# Task statement
Using only the entries below, copy exactly the lines that begin at the one with "兒童圓領刷毛衣 S-L款式:深灰 L" and end at the one with "松田 康宏(セッションチーム) 石川県在住。2020年まで金沢市内の印刷会社で", both included. Drop the pictures.

# Records for this exercise
Segment Open
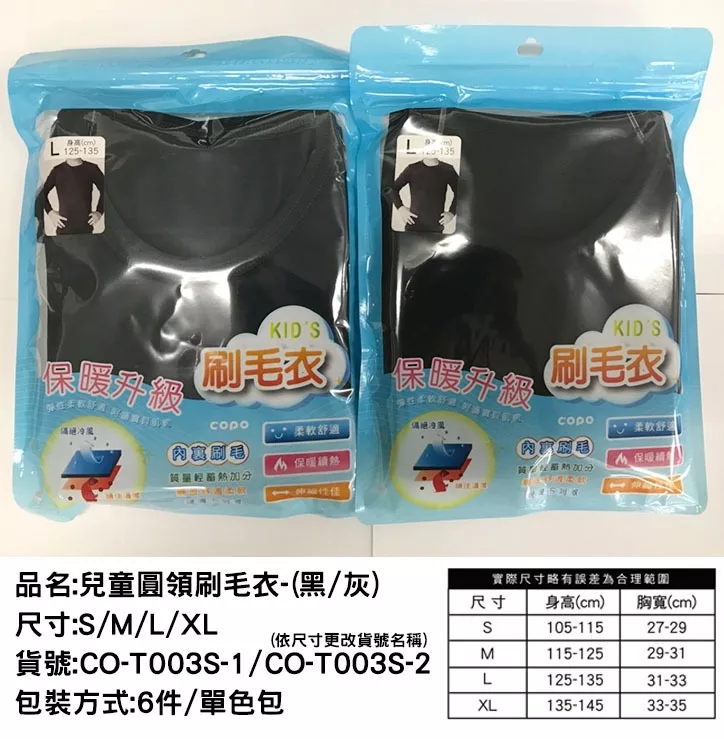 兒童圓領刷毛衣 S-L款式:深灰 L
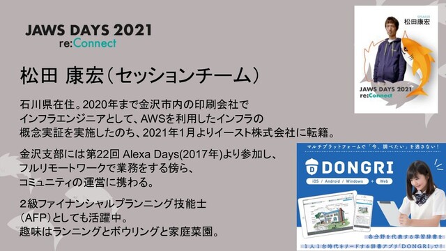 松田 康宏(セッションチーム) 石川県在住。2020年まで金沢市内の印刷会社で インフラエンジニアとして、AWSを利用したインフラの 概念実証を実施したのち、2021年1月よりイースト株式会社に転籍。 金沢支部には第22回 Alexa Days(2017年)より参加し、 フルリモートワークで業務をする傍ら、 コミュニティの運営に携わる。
Segment Closed
Segment Open
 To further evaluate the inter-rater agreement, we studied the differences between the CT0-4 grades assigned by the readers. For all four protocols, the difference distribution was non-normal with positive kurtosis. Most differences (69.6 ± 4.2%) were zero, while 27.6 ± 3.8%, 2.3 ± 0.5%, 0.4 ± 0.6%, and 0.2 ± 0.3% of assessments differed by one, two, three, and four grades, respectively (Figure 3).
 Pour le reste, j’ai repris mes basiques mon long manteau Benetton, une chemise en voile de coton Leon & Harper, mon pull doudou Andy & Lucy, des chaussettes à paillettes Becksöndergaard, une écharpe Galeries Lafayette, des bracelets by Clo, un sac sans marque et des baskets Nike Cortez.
Segment Closed
# Finished task
 兒童圓領刷毛衣 S-L款式:深灰 L
 松田 康宏(セッションチーム) 石川県在住。2020年まで金沢市内の印刷会社で インフラエンジニアとして、AWSを利用したインフラの 概念実証を実施したのち、2021年1月よりイースト株式会社に転籍。 金沢支部には第22回 Alexa Days(2017年)より参加し、 フルリモートワークで業務をする傍ら、 コミュニティの運営に携わる。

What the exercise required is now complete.